In recent years, multi user multi input multi output (MIMO) technology that simultaneously transmits data from a base station provided with a plurality of transmission antennas to a plurality of user terminals has been drawing attention. In multi user MIMO (hereinafter, simply referred to as “MU-MIMO”), countermeasure, such as Zero Forcing (ZF), block diagonalization, or the like, that multiplies a transmission weight by a transmission signal in order to prevent interference between data addressed to a plurality of user terminals, is sometimes used. The transmission weight is a weight that adjusts the phase and the amplitude of the transmission signal and, by deciding the transmission weight in accordance with the channels between base stations and user terminals, interference can be reduced by making the transmission signals addressed to the plurality of the user terminals orthogonal.
In contrast, coordinated multi-point transmission and reception (CoMP) in which a plurality of cells sends and receives signals to and from a single user terminal in a cooperation manner is also actively studied. Furthermore, in order to increase the capacity of the radio communication system, it is conceivable that a plurality of transmitter stations that performs CoMP simultaneously transmits signals to a plurality of user terminals by using MU-MIMO.
In this radio communication system, because the propagation distance between each of the transmitter stations and the user terminals is different, a propagation delay difference is generated. For example, if, at the same time when a signal is transmitted from a certain transmitter station to a user terminal, a signal is transmitted from another transmitter station to the same user terminal, the signal transmitted from the transmitter station whose distance from the user terminal is greater is received later. Thus, if the reception phase of the signal transmitted from a first transmitter station is used as the reference, the reception phase of the signal transmitted from a second transmitter station rotates in a frequency domain. Namely, the signals transmitted from the two transmitter stations are received by the phase differences that are different for each frequency and, depending on the frequencies, the reception signals received from the two transmitter stations interfere with each other. Thus, studies have been conducted on a method of deciding an optimum transmission weight or the like based on the assumption that interference is additionally generated due to an influence of a propagation delay difference.
Patent Document 1: Japanese Laid-open Patent Publication No. 2012-39400
Patent Document 2: International Publication Pamphlet No. WO 2013/108906
Patent Document 3: Japanese National Publication of International Patent Application No. 2014-514841
Patent Document 4: International Publication Pamphlet No. WO 2012/108281
Non-Patent Document 1: S. B. Gee, Z. Lei, and Y. H. Chew, “Cooperative Multiuser MIMO Precoding Design for Asynchronous Interference Mitigation”, 2011 IEEE GLOBECOM Workshops (GC wkshps), Dec. 5-9, 2011
Non-Patent Document 2: Takashi Seyama, et al. “A Basic Study on Joint Transmission MU-MIMO in 5G Ultra High-Density Distributed Antenna System” Proceedings of the 2015 the Institute of Electronics, Information and Communication Engineers (IEICE) Society Conference, communication (1), 326, Aug. 25, 2015
As described above, if there is a difference between the propagation delay time between the transmitter stations and the user terminals, the phase difference of the reception signal from each of the transmitter stations differs for each frequency in the user terminals. Thus, the optimum value of the transmission weight that adjusts the phase and the amplitude of the transmission signal is different for each frequency. Thus, if a propagation delay difference is present, it is difficult to sufficiently reduce interference even if the transmission weight is decided by taking into consideration the influence of the propagation delay difference. Namely, even if the transmission weight is decided by taking into consideration the influence of the propagation delay difference, if this transmission weight is uniformly multiplied by the transmission signal in the whole band, the interference of only a part of frequency component is merely reduced.

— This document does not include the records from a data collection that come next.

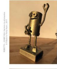
FISCHER Judit / Tárgyak, 2019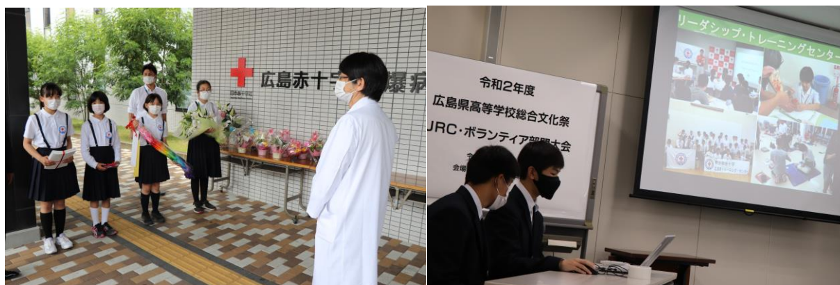
安芸太田町立上殿小学校による「やまゆり訪問」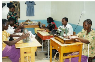
Faith Homes sömnadsskola

Yrkesutbildningar – Faith Homes erbjuder yrkesutbildningar på fyra platser; Makutano i West Pokot distrikt (sömnad, bilmekaniker), Nzoia i Bungoma distrikt (sömnad), samt Nairobi (sömnad, sekreterare, data). Distrikten West Pokot, och Bungoma ligger i de västra och nordvästra delarna av Kenya.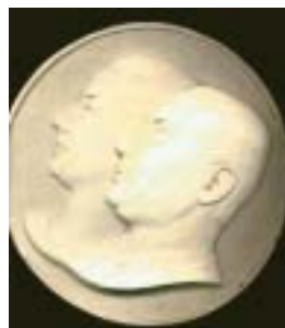
Perón y Evita

cinco años de actuación, no tiene por qué respetar y rendir pleitesías a una manga de críticos teoristas, improvisados, ignorantes, que pretenden subvertir el buen sentido en nuestro país y que yo no tengo ganas de considerar o respetar». (3)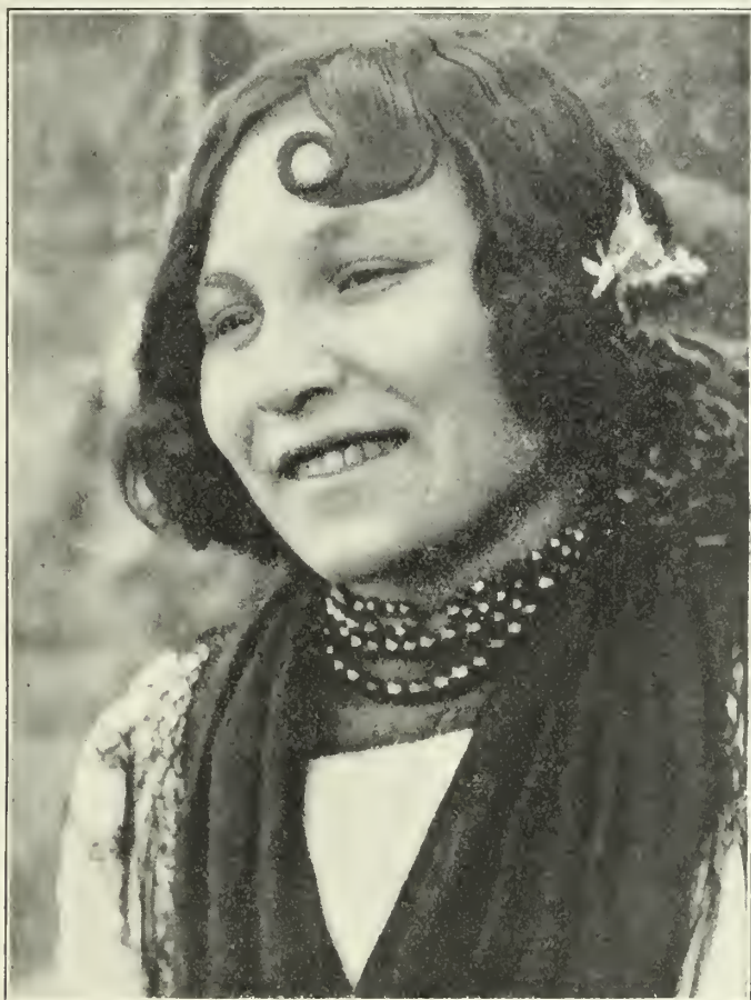
Los ojos de la gitana reflejan vagos y soñolientos la expresión del placer

con la chusma sarracena, no hubieron de fijar una atención especial de parte de los cristianos españoles, hasta después de la conquista de Granada, cuando empezó a predominar la política del Arzobispo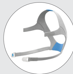
Arnés de la serie AirFit F20 con broches de arnés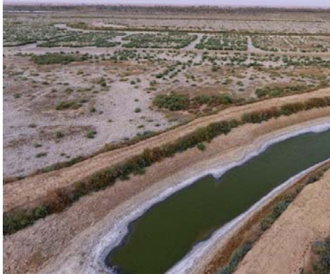
العراق أمام خيارات لمدره لعمود خطير شيخ الجفاف عنه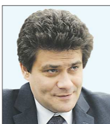
Александр ВЫСОКИНСКИЙ , первый замгубернатора (был главой администрации Екатеринбурга)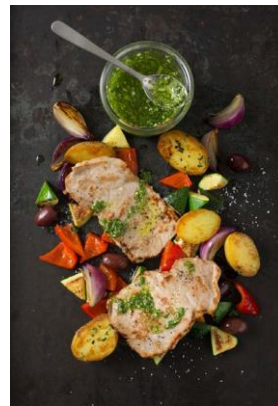
S. 114-115: Kalbspailard, Grenaille-Kartoffeln, Ofengemüse, Oliven, Pesto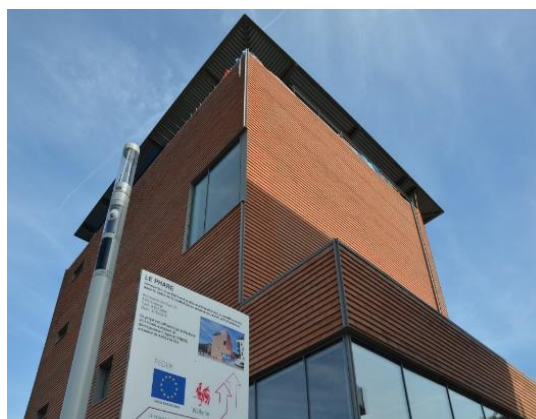
Bâtiment « Le Phare » d'Andenne

Les grandes villes ont également continué le suivi de leurs chantiers durant la crise. Parmi celles-ci, on peut notamment citer la ville de Namur, où la dynamique de développement s'est poursuivie avec l'aménagement de l'Esplanade en espace piéton à destination du tourisme, des citoyens et du secteur de l'évènementiel. La construction du "NID" (Namur Intelligente et Durable), lieu d'innovation, est en cours de réalisation et l'Enjambée (passerelle cyclo piétonne) est ouverte au public depuis mi-mai. Citons également Verviers, dont le chantier de redynamisation urbaine du centre-ville a pris une vitesse de croisière avec la rénovation de la place Verte dans l'hypercentre, mais également Andenne et son bâtiment emblématique « Le Phare » (regroupant la Bibliothèque, l'Office du tourisme et l'Espace Muséal d'Andenne), qui est à présent terminé et ouvert au public .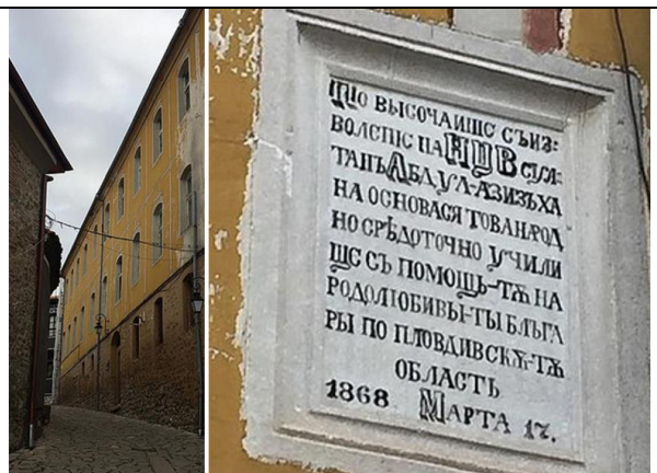
Фиг. 2 В тази сграда (Жълтото училище) в Стария Пловдив се премества през 1868 Найден Геровото училище „Св.Св. Кирил и Методий“. Тук то се помещава от 1868 до 1885 и през това време получава статут на Гимназия (първата Българска гимназия) – на фигурата отляво училището в Стария Пловдив (сега ул. „Тодор Самодумов“); отдясно – плаката на сградата.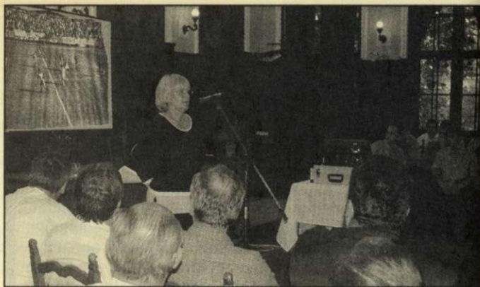
A város vezetői a díszteremben köszöntötték a bajnoksapatot

A feljutással értelemszerűen jelentősen megnövekednek majd a kiadások is, hiszen többek között a csapatot is meg kell erősíteni, s ez bizony pénzbe kerül. Az FC sosem dúskált az anyagiakban, így talán nem véletlen, hogy pletykaszinten megjelent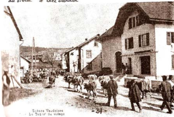
Scènes Valdaisiennes Le Depot du village

Les Crételles au début du siècle * chez Dollion

Thus, because the optimum transmission weight differs in accordance with the frequency, it is conceivable that the band of the transmission signal is divided and an optimum transmission weight is calculated for each of the frequency sections. However, in order to sufficiently reduce the interference, because the transmission signal is divided into a large number of narrow band frequency sections and the transmission weight is calculated for each frequency section, there is a problem in that an amount of process is increased. In other words, by calculating a transmission weight with a high frequency resolution, the amount of process is increased in proportion to the frequency resolution.